For a concert event, there are \( \$30 \) reserved seat tickets and \( \$20 \) general admission tickets. There are 2000 reserved seats available, and fire regulations limit the number of paid ticket holders to 3000. The promoter must take in at least \( \$75,000 \) in ticket sales. Find and graph a system of inequalities describing the different numbers of tickets that can be sold.

A warehouse supervisor is told to ship at least 50 packages of gravel that weigh 55 pounds each and at least 40 bags of stone that weigh 70 pounds each. The maximum weight capacity of the truck to be used is 7500 pounds. Find and graph a system of inequalities describing the numbers of bags of stone and gravel that can be shipped.

A dietitian is asked to design a special dietary supplement using two different foods. Each ounce of food \( X \) contains 20 units of calcium, 15 units of iron, and 10 units of vitamin \( B \). Each ounce of food \( Y \) contains 10 units of calcium, 10 units of iron, and 20 units of vitamin \( B \).

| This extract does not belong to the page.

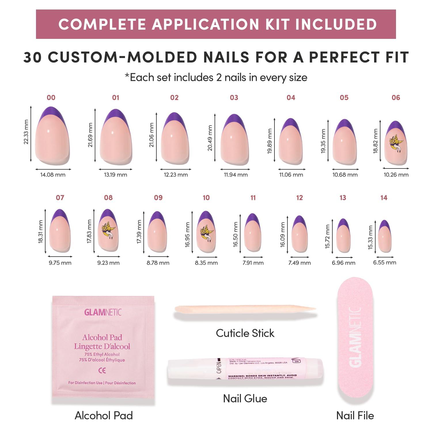 • Glamnetic x Fanatics Press On Nails – Philadelphia Eagles | Short Almond Fake Nails, NFL Eagles Green French Tips, Football Nails, Salon-Quality | 15 Sizes – 30 Nail Kit with Glue(Minnesota Vikings)

The minimum daily requirements of the diet are 300 units of calcium, 150 units of iron, and 200 units of vitamin \( B \). (a) Write a system of inequalities describing the different amounts of food \( X \) and food \( Y \) that can be used. (b) Sketch a graph of the region corresponding to the system in part (a). (c) Find two solutions of the system and interpret their meanings in the context of the problem.